La proposition européenne a été qualifiée d'« air chaud » par Mustaqeem De Gama, conseiller à la mission sud-africaine auprès de l'OMC. L'ambassadeur d'un autre pays en développement a déclaré qu'il espérait que l'OMC discuterait des deux propositions séparément, afin de permettre à l'examen de la dérogation de progresser.

Les pays en développement se battent depuis huit mois pour lever les protections de la propriété intellectuelle sur les vaccins Covid-19. Pendant ce temps, disent-ils, de nouvelles lignes de production auraient pu être mises en place dans leurs pays, alors qu'il semble que la pandémie se prolongera pendant des années dans le monde en développement, ce qui signifie que la dérogation est toujours nécessaire.

Chef de l'Organisation mondiale de la santé

Tedros Adhanom Ghebreyesus

dit qu'il soutient la dérogation et a qualifié la situation actuelle d'« apartheid du vaccin ».

La dérogation gagne du soutien à l'OMC, la Nouvelle-Zélande et l'Ukraine annonçant cette semaine leur soutien.
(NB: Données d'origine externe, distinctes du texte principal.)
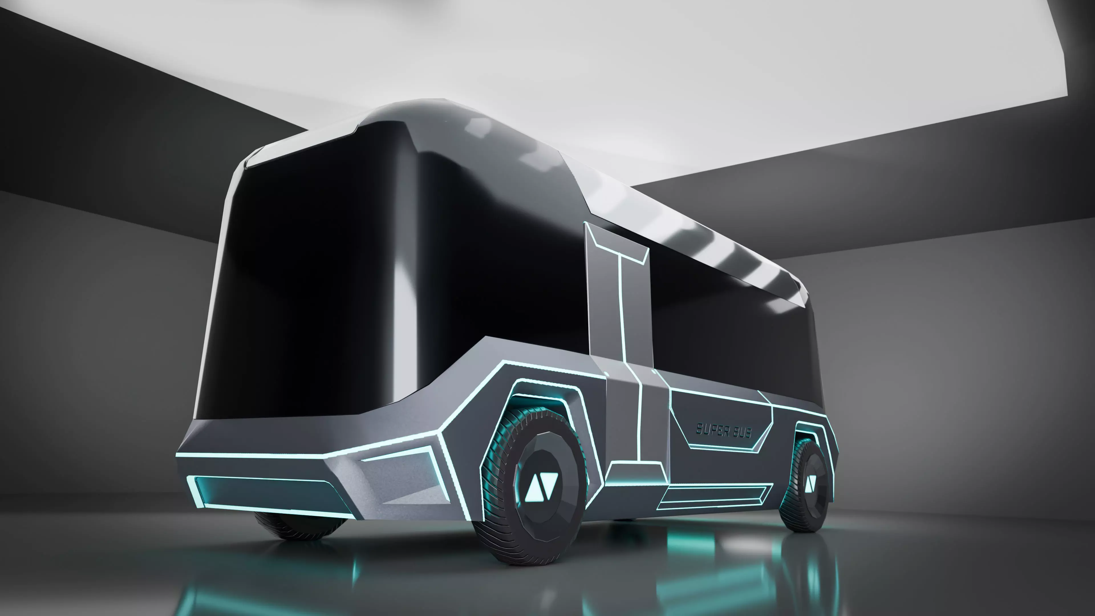 A high-quality, concept-driven Sci-Fi Super Bus designed for futuristic urban environments, cinematic renders, and sci-fi world-building. This model features a sleek, heavy-duty silhouette with integrated neon lighting and a modern autonomous shuttle aesthetic. The Super Bus branding and unique AV hubcap logos add a level of professional detail that makes it ready for immediate use in any high-tech city scene.

Mais l'OMC fonctionne par consensus et les négociations sont donc souvent lentes.

Avec l'UE, le Royaume-Uni et la Suisse font partie des critiques de la dérogation, bien que tous aient déclaré qu'ils examineraient la proposition.

Un responsable américain a déclaré que l'administration examinait la nouvelle proposition des pays en développement et attendait avec impatience les négociations sur le texte.

L'UE affirme avoir exporté près de 300 millions de doses, soit environ la moitié du vaccin Covid-19 produit dans le bloc, arguant qu'elle l'a fait plus tôt et plus généreusement que d'autres économies plus riches. Les États-Unis se sont engagés à partager 80 millions de doses de vaccins avec d'autres pays d'ici la fin juin.